Sommet en Alaska entre présidents américain et russe : derrière l’agenda officiel sur un cessez-le-feu en Ukraine, des analystes voient un enjeu caché : le partage des terres rares de l’Est ukrainien, sous contrôle russe. Washington chercherait à sécuriser ces ressources stratégiques pour la classe qui a mis Trump au pouvoir, tandis que Moscou pèse les bénéfices d’un accord face au risque de partager des richesses convoitées par sa classe dominante et conquises au prix de milliers de vies humaines.
La rencontre entre les présidents américain et russe se déroule dans un lieu hautement symbolique : un territoire jadis colonisé par la Russie, vendu aux États-Unis en 1867. Ce choix, selon certains diplomates, n’est pas anodin. Il rappelle une transaction passée entre les deux puissances et pourrait préfigurer de nouvelles négociations… cette fois autour des ressources stratégiques de l’Ukraine.

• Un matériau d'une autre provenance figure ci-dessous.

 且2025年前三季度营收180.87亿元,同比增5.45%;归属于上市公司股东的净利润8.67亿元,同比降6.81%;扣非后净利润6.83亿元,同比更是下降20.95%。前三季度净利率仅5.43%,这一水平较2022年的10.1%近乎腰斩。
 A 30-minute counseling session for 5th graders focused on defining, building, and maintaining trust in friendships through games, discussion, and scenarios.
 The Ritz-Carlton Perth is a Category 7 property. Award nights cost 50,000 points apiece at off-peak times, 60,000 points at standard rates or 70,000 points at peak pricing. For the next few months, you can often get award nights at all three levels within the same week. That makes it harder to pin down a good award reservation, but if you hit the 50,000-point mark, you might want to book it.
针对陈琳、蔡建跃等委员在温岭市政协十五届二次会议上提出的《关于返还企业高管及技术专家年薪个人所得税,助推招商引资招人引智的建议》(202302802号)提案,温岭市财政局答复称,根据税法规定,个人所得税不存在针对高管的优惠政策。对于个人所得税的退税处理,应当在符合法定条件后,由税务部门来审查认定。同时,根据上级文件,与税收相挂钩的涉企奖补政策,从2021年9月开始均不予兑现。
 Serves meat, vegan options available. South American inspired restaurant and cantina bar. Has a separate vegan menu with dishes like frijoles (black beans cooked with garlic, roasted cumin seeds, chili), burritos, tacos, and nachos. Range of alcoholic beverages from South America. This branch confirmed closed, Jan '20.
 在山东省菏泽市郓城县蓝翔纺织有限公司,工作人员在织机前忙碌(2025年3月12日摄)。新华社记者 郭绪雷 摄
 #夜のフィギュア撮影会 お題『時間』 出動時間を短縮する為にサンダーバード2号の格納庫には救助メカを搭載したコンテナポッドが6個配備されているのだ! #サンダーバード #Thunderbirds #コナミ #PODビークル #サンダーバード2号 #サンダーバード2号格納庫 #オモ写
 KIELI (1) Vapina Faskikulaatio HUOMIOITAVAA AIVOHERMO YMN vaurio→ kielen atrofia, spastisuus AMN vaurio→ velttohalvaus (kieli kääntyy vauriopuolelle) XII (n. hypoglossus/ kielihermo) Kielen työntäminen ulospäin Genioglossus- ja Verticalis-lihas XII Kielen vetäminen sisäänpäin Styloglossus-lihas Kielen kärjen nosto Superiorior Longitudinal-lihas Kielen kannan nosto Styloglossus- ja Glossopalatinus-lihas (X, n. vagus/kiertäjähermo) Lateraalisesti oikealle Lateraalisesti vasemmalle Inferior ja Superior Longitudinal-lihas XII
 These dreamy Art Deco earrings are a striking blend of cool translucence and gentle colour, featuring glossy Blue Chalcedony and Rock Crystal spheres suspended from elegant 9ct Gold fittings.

Derrière l’agenda officiel — où figure la question d’un cessez-le-feu — se profilerait un dossier autrement plus sensible : le contrôle des terres rares présentes en abondance dans l’Est ukrainien occupé par l’armée russe. Ces minerais, essentiels aux industries des communications, de la guerre et des énergies renouvelables, attisent depuis des années les convoitises des puissances industrielles.
Des experts en géopolitique affirment que le président américain, soutenu par une classe d’ultra-riches prospérant dans l’exploitation de minerais stratégiques, chercherait à sécuriser un accès direct à ces gisements. Des discussions ont déjà eu lieu avec le gouvernement de l’Ukraine concernant l’exploitation de ressources similaires sur d’autres territoires ukrainiens en échange de ventes d’armes.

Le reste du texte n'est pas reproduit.